Please print, exactly, only the lines in the entries below from the line that has "Cappello beige per" through the line that has "A compact, slow-growing, evergreen". Pictures don't go in.

● Source material
|---|

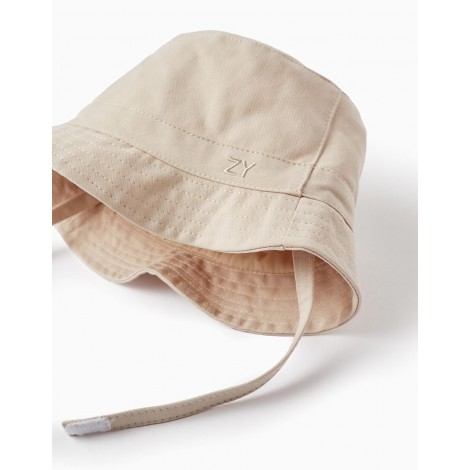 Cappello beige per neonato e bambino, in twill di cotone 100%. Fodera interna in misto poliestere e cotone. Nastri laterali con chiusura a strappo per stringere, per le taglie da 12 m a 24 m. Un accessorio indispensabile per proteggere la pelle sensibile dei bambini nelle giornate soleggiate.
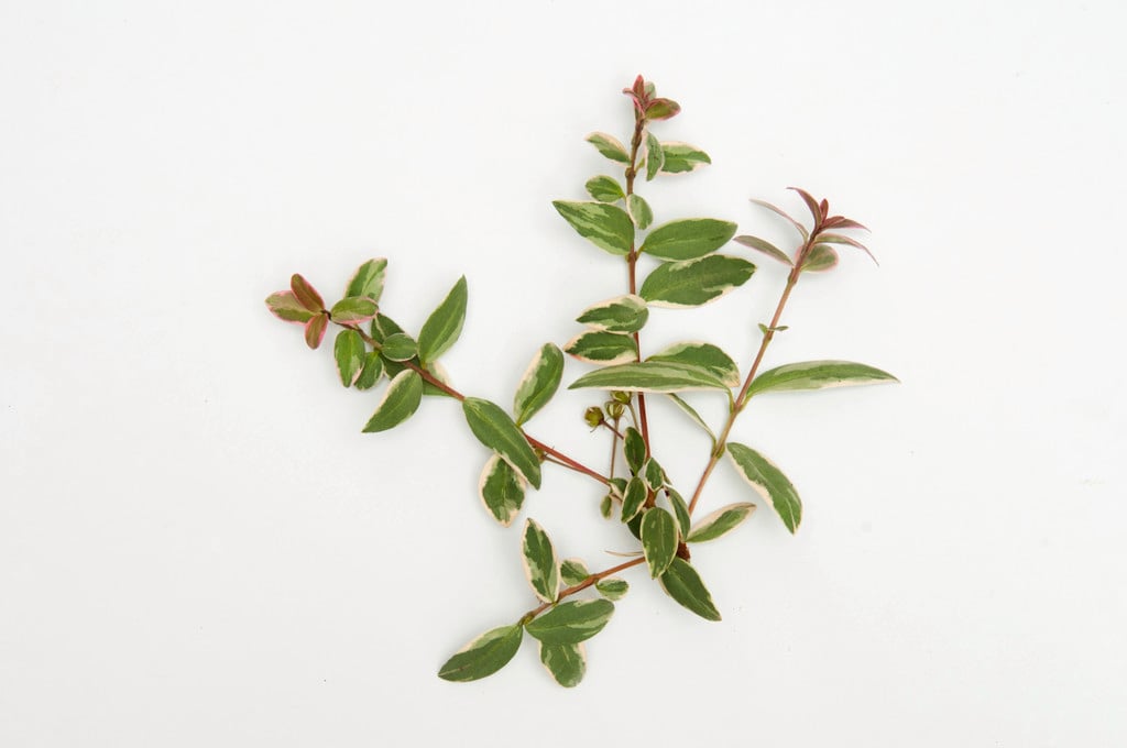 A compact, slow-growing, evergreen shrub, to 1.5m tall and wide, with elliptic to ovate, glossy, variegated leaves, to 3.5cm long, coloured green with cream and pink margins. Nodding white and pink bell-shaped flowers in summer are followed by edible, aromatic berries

|---|

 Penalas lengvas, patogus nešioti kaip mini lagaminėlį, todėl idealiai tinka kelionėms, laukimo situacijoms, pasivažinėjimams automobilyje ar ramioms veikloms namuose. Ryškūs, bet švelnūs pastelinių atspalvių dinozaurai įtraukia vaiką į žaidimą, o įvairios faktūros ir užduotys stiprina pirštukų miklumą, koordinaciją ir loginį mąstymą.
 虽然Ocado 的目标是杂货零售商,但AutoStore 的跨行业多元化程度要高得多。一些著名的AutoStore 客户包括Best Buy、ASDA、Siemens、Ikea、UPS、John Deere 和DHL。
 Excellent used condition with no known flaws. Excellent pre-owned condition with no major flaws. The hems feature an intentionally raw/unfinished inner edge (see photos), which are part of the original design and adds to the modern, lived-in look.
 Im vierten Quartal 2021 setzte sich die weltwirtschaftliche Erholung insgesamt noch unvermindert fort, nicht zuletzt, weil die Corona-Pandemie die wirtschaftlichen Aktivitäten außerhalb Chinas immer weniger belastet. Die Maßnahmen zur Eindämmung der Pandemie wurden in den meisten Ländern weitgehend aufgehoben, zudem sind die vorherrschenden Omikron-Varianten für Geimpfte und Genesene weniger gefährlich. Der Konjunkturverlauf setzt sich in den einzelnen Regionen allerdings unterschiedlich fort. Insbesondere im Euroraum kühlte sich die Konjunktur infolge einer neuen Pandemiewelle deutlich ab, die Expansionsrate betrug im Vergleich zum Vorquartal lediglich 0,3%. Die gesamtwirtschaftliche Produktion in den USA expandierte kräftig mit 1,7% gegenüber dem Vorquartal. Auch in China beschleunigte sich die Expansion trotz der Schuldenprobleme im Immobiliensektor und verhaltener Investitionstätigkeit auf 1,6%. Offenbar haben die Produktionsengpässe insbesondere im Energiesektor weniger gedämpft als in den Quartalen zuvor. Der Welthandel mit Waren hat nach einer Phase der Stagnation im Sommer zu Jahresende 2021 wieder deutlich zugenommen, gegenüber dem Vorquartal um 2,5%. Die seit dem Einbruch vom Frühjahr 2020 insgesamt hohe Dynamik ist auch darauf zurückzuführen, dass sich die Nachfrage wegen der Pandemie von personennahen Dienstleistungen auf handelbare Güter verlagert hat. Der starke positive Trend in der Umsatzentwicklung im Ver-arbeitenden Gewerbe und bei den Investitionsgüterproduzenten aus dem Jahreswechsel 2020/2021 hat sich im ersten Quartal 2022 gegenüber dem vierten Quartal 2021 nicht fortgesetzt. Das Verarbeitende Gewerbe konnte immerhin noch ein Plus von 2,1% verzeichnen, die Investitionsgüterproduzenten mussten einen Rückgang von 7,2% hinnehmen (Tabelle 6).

|---|

● Exercise response
 Cappello beige per neonato e bambino, in twill di cotone 100%. Fodera interna in misto poliestere e cotone. Nastri laterali con chiusura a strappo per stringere, per le taglie da 12 m a 24 m. Un accessorio indispensabile per proteggere la pelle sensibile dei bambini nelle giornate soleggiate.
 A compact, slow-growing, evergreen shrub, to 1.5m tall and wide, with elliptic to ovate, glossy, variegated leaves, to 3.5cm long, coloured green with cream and pink margins. Nodding white and pink bell-shaped flowers in summer are followed by edible, aromatic berries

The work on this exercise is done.